Aracımız bazı özellikler açısından Avrupa’da ilk. Mesela en uzun aks mesafeli SUV ve sıfırdan doğan elektrikli bir SUV olarak bizimki ilk. Avrupa’daki rakiplerinden bir farkı da şu, elektrikli olduğu için motor ve aksamın kapladığı ayrı bir alan yok. Bu da daha fazla yer demek.
Sürüş alışkanlıklarımıza bir değişiklik getirecek mi bu araçlar?
Aynanın dijital ya da analog olması seçeneklerden sadece bir tanesi. Aracın özelliklerinden birisi, sürekli internete bağlı olması. 4G ve 5G ile uyumlu. Sürekli internete bağlı olunca, araca yazılım güncellemesi geldiğinde hemen yüklenecek. SD kartı çıkarayım, Wi-Fi’a bağlanayım gibi işlerle uğraşmayacağız. Bu arada herkesin gözden kaçırdığı bir detay vardı. Araç aynı zamanda posta kutusu işlevi görecek.
Nasıl yani?
Videoda gösterdiler ama çok anlatmadılar. Diyelim, internetten bir sipariş verdiniz. Kargo şirketi geldi ve evinizde değilsiniz. Diyorsunuz ki “Arabamın bagajına bırak.” Telefonunuzdaki uygulamadan vereceğiniz komutla bagajı açıyorsunuz. Kurye, kargonuzu koyuyor ve fotoğrafını çekiyor. Fotoğrafı gördükten sonra yine uygulama üzerinden bagajı kapatabiliyorsunuz. Araçların sürekli internete bağlı olması gerekli görüldüğü zaman otoriteler tarafından izlenebilir olduğu anlamına geliyor. Yani sizin kuralları ihlal edip etmediğinizi araç biliyor olacak. Bu kazaları da önleyecektir. Mesela aracınız çalınıyor. Aracınızın çalındığını fark ettiğinizde ya da sizden zorla alındığında, emniyeti arayacaksınız ve araç uzaktan kilitlenebilecek. Böyle imkanların olması büyük fırsat. Bu beraberinde “ben arabamda dinleniyor muyum, izleniyor muyum” gibi soruları da getirecek. Bu cep telefonlarında da olan bir tartışma.
***
ARTIK TEKNOLOJİMİZLE HATIRLANALIM
Burası bizim vatanımız. Bu, bütün ülke, gelecek kuşaklar ve geçmişte kalanların hayalleri için çok önemli bir vizyon. İlk defa özel sektör, devlet, millet, basın heyecan duyarak bir cuma günü sadece bunu konuştuk. Yanlış anlaşılmasın. Tabi ki eleştirilsin ama daha iyi olması için elimizi taşın altına koymalıyız. “Sırf şu açıkladı”, “bugün açıkladı, şundan dolayı açıkladı”, “şu partiye fayda sağlar” gibi fikirleri aklımızdan çıkarmalıyız. Bu ülkemizin, çocuklarımızın geleceğinin meselesi. Herkesin yapıcı bir şekilde projeye sahip çıkması lazım.

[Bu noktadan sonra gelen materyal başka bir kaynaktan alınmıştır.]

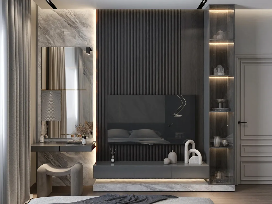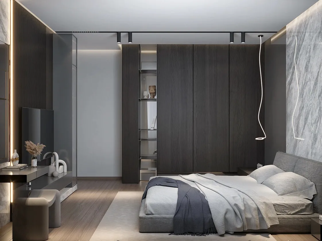 السرير منخفض بقاعدة هندسية أنيقة مغطاة بتنجيد رمادي ناعم يمتد ليشمل الرأسية المستطيلة ذات الخطوط الأفقية البسيطة، مما يمنح الغرفة طابعًا هادئًا ومتوازنًا.

Baktığınızda ABD’de bir tane otomobil üreticisi yok. Ford, CMS ve Tesla birbirilerine rakipler. Benzer şekilde Almanya’da, Güney Kore’de ve Japonya’da da birden fazla marka var. Ülkemizde de bu vizyonun bir parçası olarak farklı rakipler ortaya çıkabilir.
Türkiye’nin markaya ihtiyacı var. En iyi bilinen markalarımızı sayayım; THY -bedava yiyecek verdiğimiz için hatırlıyorlar-, sonra Nusret, daha sonra ise Dr. Öz. Başka marka bilmiyorlar. Bizi THY’den başka teknolojilerimizle hatırlamaları için bu markaya ihtiyacımız var.